National Cybersecurity Protection System (NCPS): This system, also referred to as EINSTEIN, is to include capabilities for monitoring network traffic and detecting and preventing intrusions, among other things. GAO has ongoing work reviewing the implementation of NCPS, and preliminary observations indicate that implementation of the intrusion detection and prevention capabilities may be limited and DHS appears to have not fully defined requirements for future capabilities.
While these initiatives are intended to improve security, no single technology or tool is sufficient to protect against all cyber threats. Rather, agencies need to employ a multi-layered, “defense in depth” approach to security that includes well-trained personnel, effective and consistently applied processes, and appropriate technologies.
Why GAO Did This Study
Effective cybersecurity for federal information systems is essential to preventing the loss of resources, the compromise of sensitive information, and the disruption of government operations. Federal information and systems face an evolving array of cyber-based threats, and recent data breaches at federal agencies highlight the impact that can result from ineffective security controls.
Since 1997, GAO has designated federal information security as a government-wide high-risk area, and in 2003 expanded this area to include computerized systems supporting the nation's critical infrastructure. This year, in GAO's high-risk update, the area was further expanded to include protecting the privacy of personal information that is collected, maintained, and shared by both federal and nonfederal entities.
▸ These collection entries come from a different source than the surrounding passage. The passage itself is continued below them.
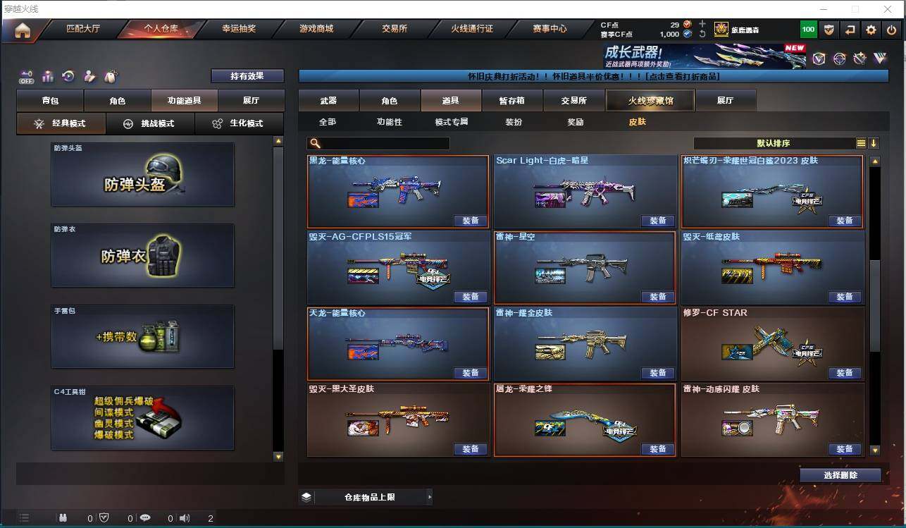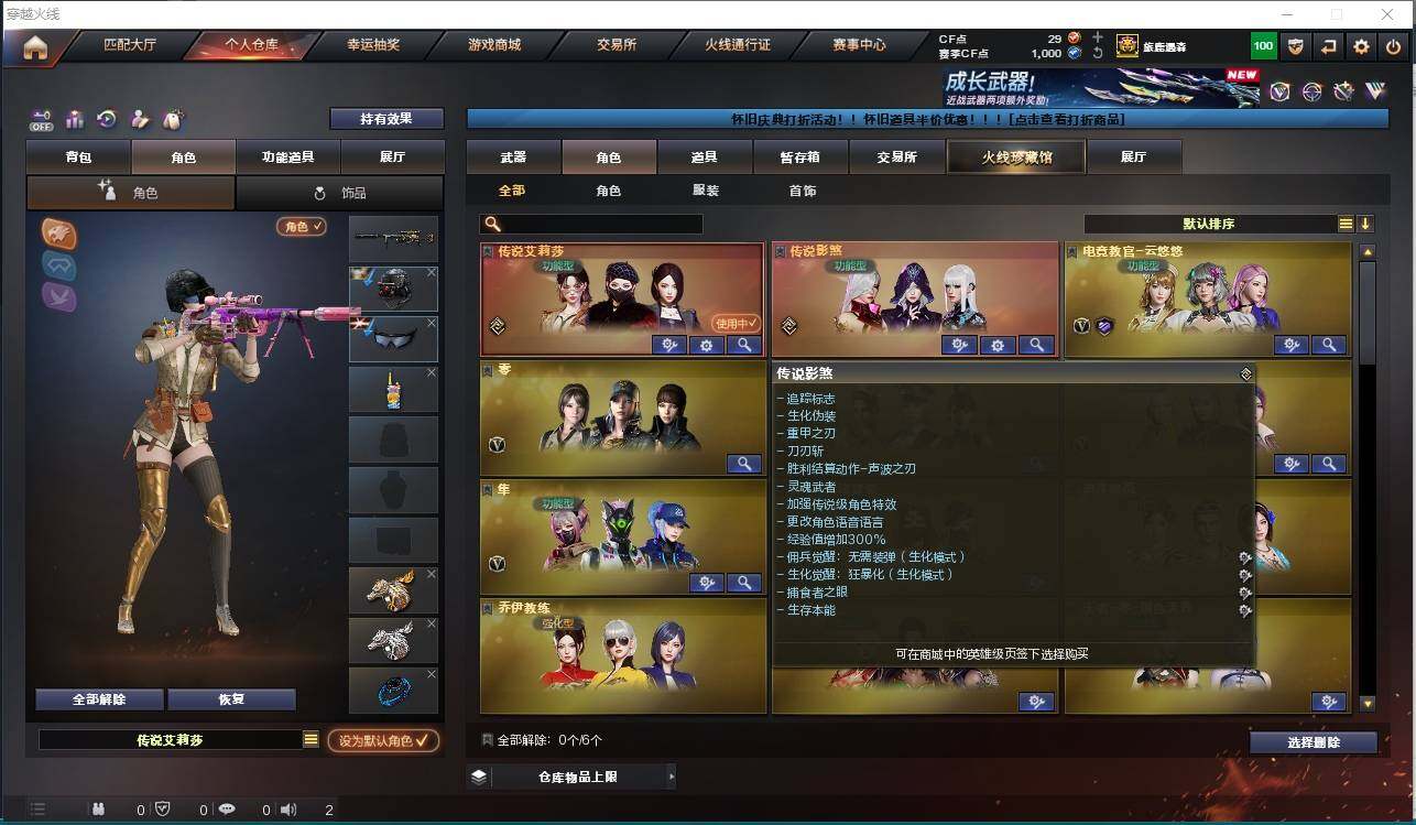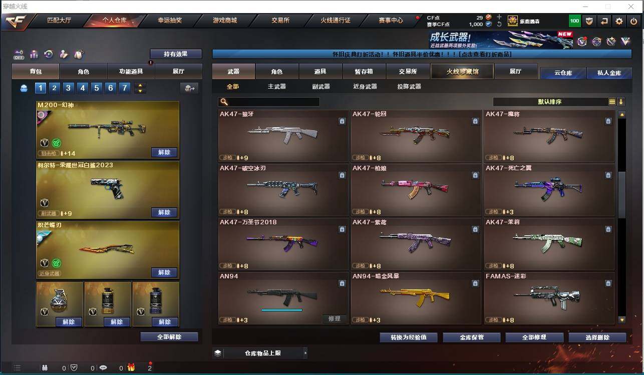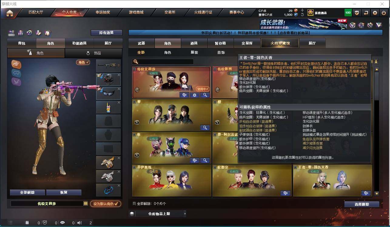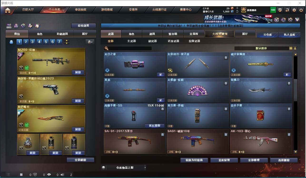 - [10744569]实名: 可修改 时装数: 111 枪械数: 50 战备数: 28 热门装扮: 霓裳武神,暗夜鎏金,纯珍童话 稀有枪皮: MG3洛神天依,M24翩跹演武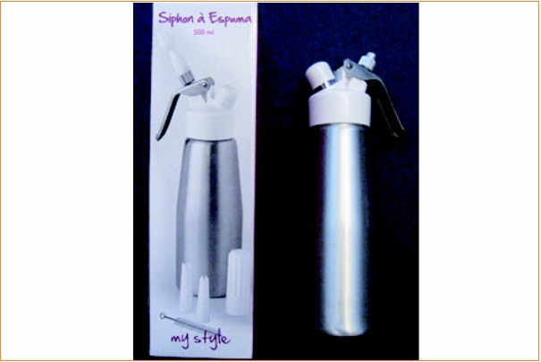 La société I2C procède au rappel des siphons à espumas 500 ml My Style des marques Culinarion et Ambiances et Styles. Il subsiste en effet une erreur dans la notice d’utilisation qui indique l’emploi de deux cartouches au lieu d’une seule ce qui peut entraîner le détachement de la tête du siphon à cause de la surpression. La température de 70 ° comme stipulée sur l’emballage peut également provoquer une surpression.
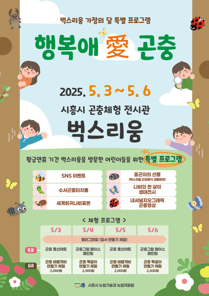 [시흥=송윤근 기자] 경기 시흥시 곤충체험 전시관인 ‘벅스리움’이 어린이날을 맞아 ‘행복애(愛) 곤충’ 특별한 이벤트를 준비했다.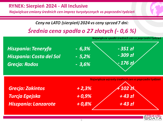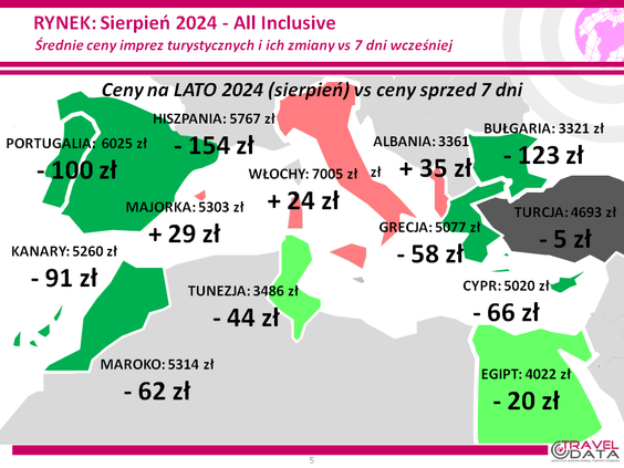 Porównanie przez Traveldatę dwóch średnich cen imprez turystycznych, z ostatniego tygodnia i sprzed roku, pokazało, że średnia tegoroczna była wyższa o 149 złotych. Przy czym najbardziej, licząc rok do roku, podrożały Sycylia (o 1543 złote), Malta (o 990 złotych) i Portugalia (o 700 złotych).

This statement summarizes (1) challenges facing federal agencies in securing their systems and information and (2) government-wide initiatives, including those led by DHS, aimed at improving cybersecurity. In preparing this statement, GAO relied on its previously published and ongoing work in this area.
In previous work, GAO and agency inspectors general have made hundreds of recommendations to assist agencies in addressing cybersecurity challenges. GAO has also made recommendations to improve government-wide initiatives.